Claude de Lorraine (5 June 1578 – 24 January 1657), also called Claude de Guise, was a French noble and husband of Marie de Rohan. He was the Duke of Chevreuse, a title which is today used by the Duke of Luynes.

==Biography==
He was the third son of Henry I, Duke of Guise and Catherine de Clèves. First known as the Prince of Joinville, he was made Duke of Chevreuse and peer of France by Louis XIII in 1611, Grand Chamberlain of France in 1621, and Grand Falconer of France in 1622.

Claude visited England in May and June 1607, and was welcomed by the court of James VI and I. The visit is said to have been prompted by his affair with Jacqueline de Bueil, a mistress of Henry IV of France.

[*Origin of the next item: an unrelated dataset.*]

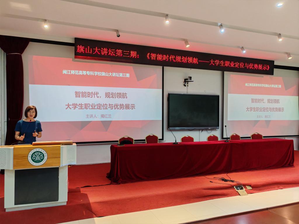 2024年10月14日晚,藝術(shù)學(xué)院于旗山校區(qū)2018教室舉辦旗山大講壇第三期主題講座活動。此次講座特邀全球職業(yè)規(guī)劃師、國家就業(yè)指導(dǎo)師、福建省教育廳就業(yè)創(chuàng)業(yè)培訓(xùn)導(dǎo)師揭紅蘭教授進(jìn)行題為《智能時代,規(guī)劃領(lǐng)航:大學(xué)生職業(yè)定位與優(yōu)勢展示》的職業(yè)規(guī)劃輔導(dǎo)。藝術(shù)學(xué)院團(tuán)委書記周宇航、全體輔導(dǎo)員、畢業(yè)班班主任及2025屆畢業(yè)生共同參與此次講座。

The French ambassador Antoine Lefèvre de la Boderie described his reception in England. Claude was entertained by Anne of Denmark with a musical evening on the Thames by Greenwich Palace. On another day, there was a tournament. A feast and a play, The Tragedy of Aeneas and Dido, was hosted and produced by the Earl of Arundel. Claude visited Prince Henry and gave him a pair of horses. He also gave the Prince a diamond ring and Anne of Demark a huge pearl for an earring. New linen was bought to dress the cupboards of estate of the Banqueting House at Whitehall Palace. After his return to France, Claude sent Prince Henry a suit of armour, which survives in the Royal Collection.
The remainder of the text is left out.